■ **Items from a data source**:
************
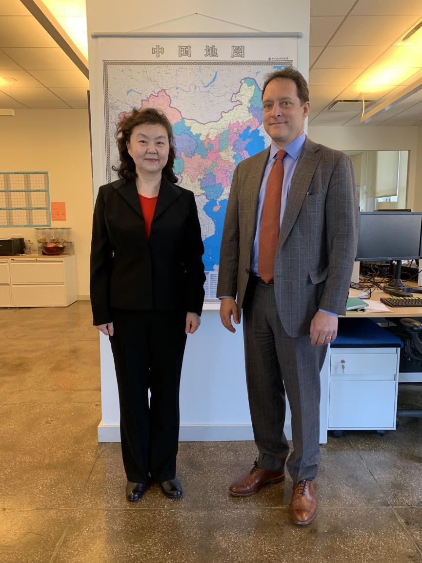3月4日,顾春芳参赞走访美国经济研究公司荣鼎集团(Rhodium Group),与该集团创始合伙人荣大聂(Daniel H. Rosen)等人进行会谈。双方主要就中美经贸合作、中国企业在美国投资等进行交流。
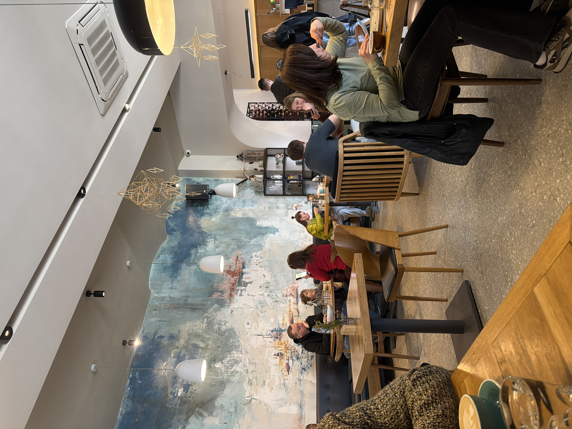 The image depicts the interior of a cafe or restaurant in what appears to be Hrodna, Belarus, judging by architectural styles and possible Cyrillic script in the background details. Several patrons are seated at wooden tables and chairs, likely engaged in conversation or eating. Some are looking at their phones or tablets. The room is illuminated by hanging pendant lamps and recessed lighting. A large mural covers a wall, featuring an abstract design with blues, whites, and browns. The interior features an air conditioning unit and decorative, geometrical sculptures.
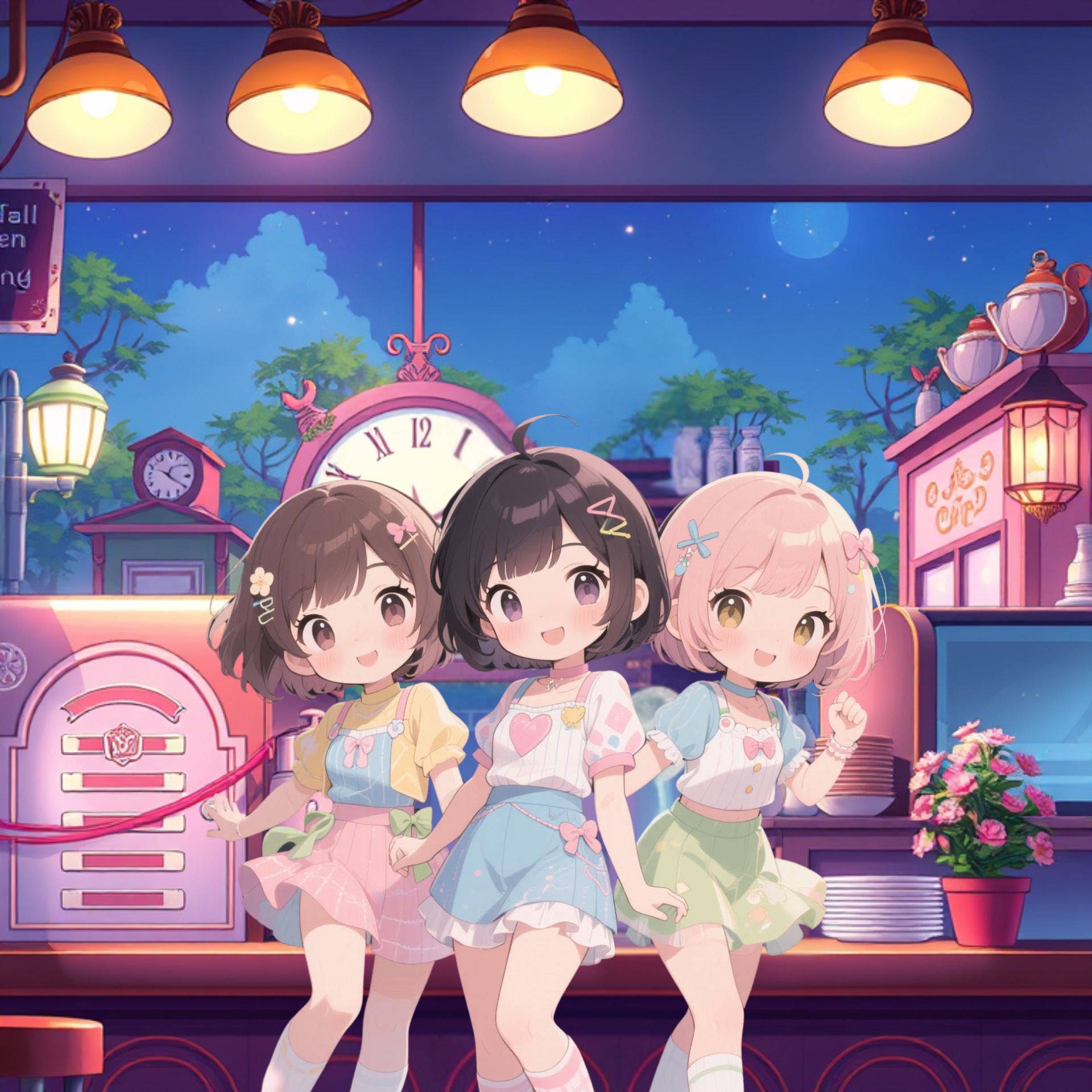 j-pop, idle music, cute girls voice, unison, cute synthesizer sound, professional piano, bpm118, reverb, japanese pop, catchy, British Rock, French pop
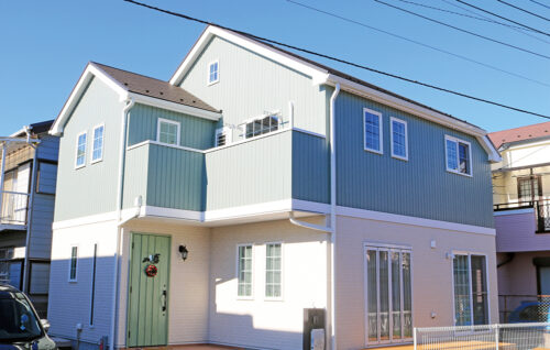 ▲さわやかなブルー×ホワイトのツートーンカラーの外壁
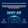 Verdadera velocidad de tres bandas: las tres bandas WiFi trabajan juntas para liberar las velocidades totales de su red de hasta 5,400 Mbps para 200 dispositivos (6 GHz: 2402 Mbps (HE160); 5 GHz: 2402 Mbps (HE160); 2.4 GHz: 574 Mbps). ¹ ³
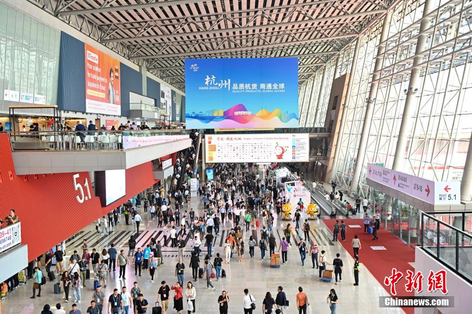 10月15日,广交会展馆内的参展人员。中新网
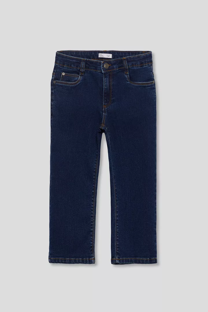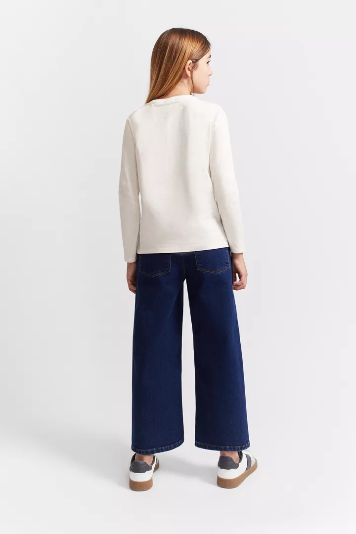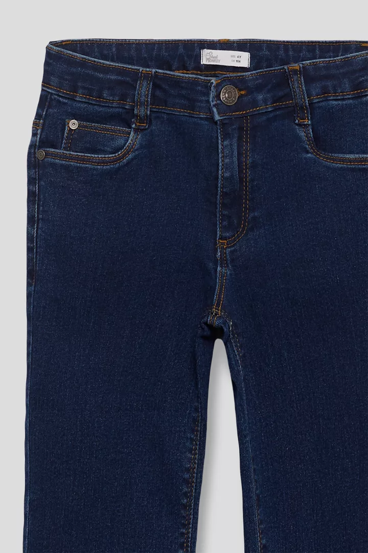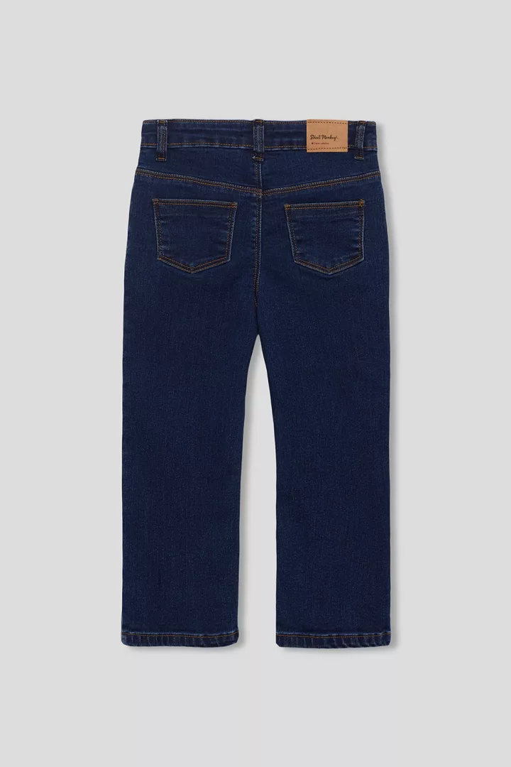 Modelo confeccionado en tejido denim elástico con efecto lavado, denim oscuro. Presenta cintura alta con goma ancha de canalé, que aporta comodidad y sujeción sin apretar. Incluye bolsillos delanteros y traseros funcionales, con costuras en contraste que realzan el diseño.
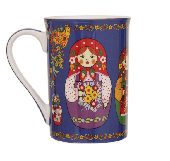 Стильная, современная кружка из фарфора. Основной фон - синий, на поверхности изображены разные матрешки выстроенные по росту. Матрешки одеты в русские народные костюмы, вверху узор стилизованный под хохлому и надпись по-английски "Matryoshka".
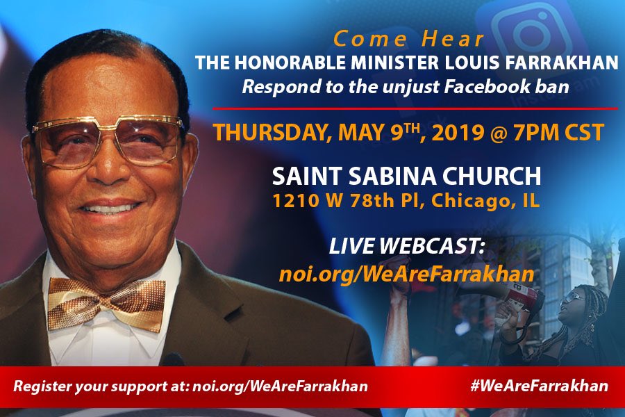 @LouisFarrakhan Speaks Today on the@facebook and@instagram Ban Thursday, 5/9/19 7PM CDT | 8PM EST@stsabinachurch @ http://noi.org/WeAreFarrakhan#Farrakhan#WeAreFarrakhan#JusticeOrElse pic.twitter.com/of0gdqGo6U
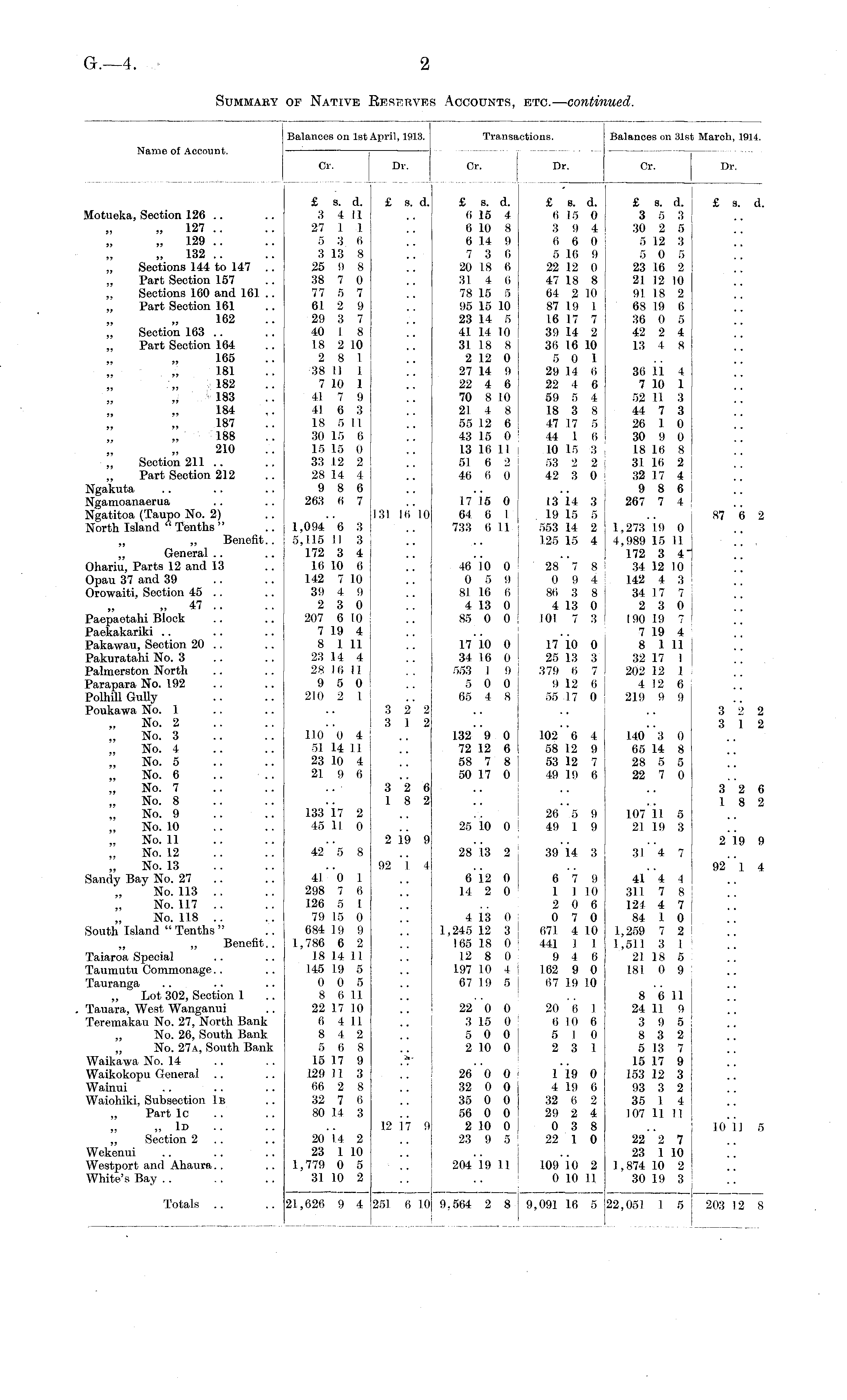 Balances on 1st April, 1913. Name of Account. ■■ Cr. Dr. Transa Cr. .ctions. Balances on 31st March, 1914. Cr. Dr. Dr. £ s. d. I £ s. d. Motueka, Section 126 .. .. 3 4 11 „ 127 .. .. 27 I 1 129 .. .. 5 3 6 132 *■} 1*3 8 "„ Sections 144 to 147 '.'. 25 9 8 Part Section 157 .. 38 7 0 Sections 160 and 161 .. 77 5 7 Part Section 161 .. 61 2 9 162 .. 29 3 7 Section 163 .. .. 40 I 8 Part Section 164 .. 18 2 10 165 2 8 1 181 .. 38 II 1 182 .. 7 10 1 183 .. 41 7 9 184 ,. 41 6 3 187 .. 18 5 II 188 .. 30 15 6 210 .'. 15 15 0 Section 211 .. .. 33 12 2 Part Section 212 .. 28 14 4 Ngakuta .. .. .. 9 8 6 Ngamoanaerua .. .. 263 6 7 Ngatitoa (Taupo No. 2) .. .. 131 Hi 10 North Island " Tenths" .. 1,094 6 3 Benefit.. : 5,115 113 General .. .. 172 3 4 Ohariu, Parts 12 and 13 .. 16 10 6 Opau 37 and 39 .. .. 142 7 10 Orowaiti, Section 45 .. .. 39 4 9 „ 47 .. .. 2 3 0 Paepaetahi Block .. .. 207 6 10: Paekakariki .. .. .. 7 19 4 Pakawau, Section 20 .. .. 8 1 11 Pakuratahi No. 3 .. .. 23 14 4 Palmerston North .. .. 28 16 11 Parapara No. 192 .. .. 9 5 0 Polhill Gully .. .. 210 2 I Poukawa No. 1 .. .. .. 3 2 2 No. 2 .. .. .. 3 12 No. 3 .. .. 110 0 4 No. 4 .. .. 51 14 11 No. 5 .. .. 23 10 4 No. 6 .. .. 21 9 6 No. 7 .. .. .. 3 2 6 No. 8 .. .. .. 18 2 No. 9 .. .. 133 17 2 No. 10 .. .. 45 II 0 No. 11 .. .. .. 2 19 9 No. 12 .. .. 42 5 8 „ No. 13 .. .. .. 92 1 4 Sandy Bay No. 27 .. 41 0 1 No. 113 .. .. 298 7 6 No. 117 .. .. 126 5 I No. 118 .. .. 79 15 0 South Island " Tenths " .. 684 I 9 9 Benefit.. 1,786 6 2 Taiaroa Special .. .. 181411 Taumutu Commonage.. .. 145 19 5 Tauranga .. .. .. 0 0 5 Lot 302, Section 1 .. 8 6 II Tauara, West Wanganui .. 221710 Teremakau No. 27, North Bank 6 4 11 No. 26, South Bank 8 4 2 No. 27a, South Bank 5 6 8 Waikawa No. 14 .. .. 15 17 9 Waikokopu General .. .. 129 11 3 Wainui .. .. .. 66 2 8 Waiohiki, Subsection 1b .. 32 7 6 Part lc .. .. 80 14 3 „ Id .. .. .. 12 17 9 Section 2 .. .. 20 14 2 Wekenui .. .. .. 23 1 10 Westport and Ahaura.. .. 1,779 0 5 White's Bay .. .. . . 31 10 2 £ s. d. 6 15 4 6 10 8 6 14 9 7 3 6 20 18 6 31 4 6 78 15 5 95 15 10 23 14 5 41 14 10 31 18 8 2 12 0 27 14 9 22 4 6 70 8 10 21 4 8 55 12 6 43 15 0 13 16 11 51 6 2 46 6 0 17 15 0 64 6 I I 733 6 11 46 10 0 0 5 9 81 16 Ii 4 13 0 85 0 0 ; 17 10 0 34 16 0 553 1 9 5 0 0 65 4 8 132' 9 0 72 12 6 58 7 8 50 17 0 25'io 0 28 13 2 612 0 14 2 0 4 13 0 1,245 12 3 165 18 0 12 8 0 197 10 4 67 19 5 22 0 0 3 15 0 5 0 0 2 10 0 26 0 0 32 0 0 I 35 0 0 56 0 0 ' 2 10 0 23 9 5 204 19 11 j £ s. d. (i 15 0 3 9 4 6 6 0 5 16 9 22 12 0 47 18 8 64 2 10 87 19 1 16 17 7 39 14 2 36 16 10 5 0 1 29 14 6 22 4 6 59 5 4 18 3 8 47 17 5 44 1 6 10 15 3 53 2 2 42 3 0 £ s. d. 3 5 3 30 2 5 5 12 3 5 0 5 23 16 2 21 12 10 91 18 2 68 19 6 36 0 5 42 2 4 13 4 8 £ s. d. 36 11 4 7 10 1 52 II 3 44 7 3 26 1 0 30 9 0 18 16 8 31 16 2 32 17 4 9 8 6 267 7 4 13 14 3 19 15 5 553 14 2 125 15 4 i 1,273 19 0 4,989 15 11 172 3 i.34 12 10 142 4 3 34 17 7 2 3 0 190 19 7 7 19 4 8 1 11 32 17 I 202 12 1 4 12 6 219 9 9 87 6 2 28 7 8 0 9 4 86 3 8 4 13 0 101 7 3 17 10 0 25 13 3 379 6 7 !) 12 6 55 17 0 3 2 2 3 1 2 102 6 4 58 1.2 9 53 12 7 49 19 6 140 3 0 65 14 8 28 5 5 22 7 0 3 2 6 1 8 2 26 5 9 49 1 9 107 il 5 21 19 3 39 14 3 31 4 7 219 9 6 7 9 1 I 10 2 0 6 0 7 0 671 4 10 441 I 1 9 4 6 162 9 0 157 19 10 41 4 4 311 7 8 124 4 7 84 1 0 1,259 7 2 1,511 3 I 21 18 5 181 0 9 92" 1 4 ., 20 6 I 6 10 6 5 I 0 2 3 1 8 6 11 24 11 9 3 9 5 8 3 2 5 13 7 15 17 9 153 12 3 93 3 2 35 1 4 107 11 II 1 19 0 4 19 6 32 6 2 29 2 4 0 3 8 22 1 0 22 2 7 23 1 10 1,874 10 2 30 19 3 io"ii 5 109 10 2 0 10 11 Totals .. .. 21,626 9 4 251 6 10 i| 9,564 2 8 9,091 16 5 22,051 I 5 : 203 12 8
************
■ **Exercise**: Set the pictures aside and retype exactly the lines above from the line with "10月15日,广交会展馆内的参展人员。中新网" to the line with "Modelo confeccionado en", both included, adding no others.

■ **Result for this task**:
 10月15日,广交会展馆内的参展人员。中新网
 Modelo confeccionado en tejido denim elástico con efecto lavado, denim oscuro. Presenta cintura alta con goma ancha de canalé, que aporta comodidad y sujeción sin apretar. Incluye bolsillos delanteros y traseros funcionales, con costuras en contraste que realzan el diseño.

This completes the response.